Matson has served China since 2006. After achieving strong results, the company invested $60 million to double the service in September 2010. But the move has not paid off and showed no indication of a turnaround.
A&B called the expanded service a large disappointment and said it accounted for an $11 million after-tax loss in the second quarter.
Ceasing the expanded service is projected to cost another $20 million to $25 million but was the "right" decision for the company and shareholders, according to Stan Kuriyama, A&B’s president and chief executive officer.
Matt Cox, Matson’s president, told stock analysts on a conference call that high fuel costs combined with weak demand and excess supply led to the painful decision to terminate the expanded service, which Matson operated directly between California and China using five ships chartered from other companies.
The last sailing for the China-direct service will be Aug. 21.
Matson will continue to serve China with five company-owned vessels that stop every week in Xiamen, Ningbo and Shanghai ports along with Hawaii, Guam and Long Beach, Calif.
The expanded China service made port stops in Hong Kong and Yantian plus a second call in Shanghai using chartered vessels operating directly from Long Beach. Because of the route and outsourcing arrangement, there will be no loss of Hawaii jobs or service.
Kuriyama said Matson’s core business remains fundamentally sound and profitable.
Matson’s overall operating income during the second quarter totaled $9.4 million, down 75 percent from $37 million in the same quarter last year.
A&B said the weakness experienced by Matson in China overshadowed strong second-quarter performances for Matson’s core business in Hawaii as well as A&B’s real estate and agribusiness operations.
Kuriyama called Hawaii a bright spot for Matson, achieving a 6 percent gain in container volume and a 12 percent gain in automobile shipments. The recent quarter represented a third consecutive quarter for increased container volume in Hawaii, reflecting the state’s modest recovery.
In real estate, A&B recorded a $10.6 million operating profit from property sales, up 33 percent from $8 million a year earlier. The gain was driven primarily by the sale of a shopping center in Texas.
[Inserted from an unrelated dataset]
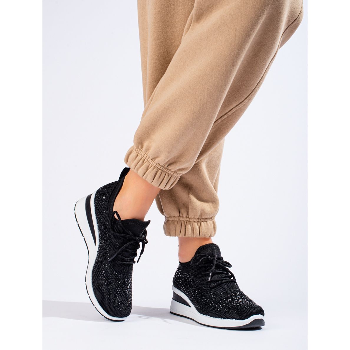 Löydä tyylikkäät ja mukavat tekstiilikiilalenkkarit Shelovet-brändiltä. Tämä malli, joka on saatavana elegantissa mustassa värissä, on täydellinen valinta naisille, jotka haluavat yhdistää urheilullisen mukavuuden muodikkaan lookin. Valmistettu 100 % korkealaatuisista tekstiilimateriaaleista, ne tarjoavat erinomaisen ilmanvaihdon ja mukavuuden koko päivän.

A&B also reported a $10.4 million operating profit from real estate leases in the second quarter, up 22 percent from $8.5 million a year earlier. A&B’s portfolio of office, retail, industrial and other property it leases to tenants had relatively stable occupancy.
The biggest improvement in operating profit among A&B divisions came from agribusiness, which includes Hawaiian Commercial & Sugar Co. A&B said operating profit for agribusiness was $8.5 million in the second quarter, up from $1.8 million a year earlier.
The huge gain mostly stemmed from a raw sugar delivery in June sold at an exceptionally high price. A&B also said gains improved for molasses and electricity sales tied to sugar production at Maui-based HC&S.
Shares of A&B stock fell $5.03 to $38.90 on Monday, a bad day for many stocks caught up in a broad market plunge. A&B released its earnings after the stock market closed on Monday.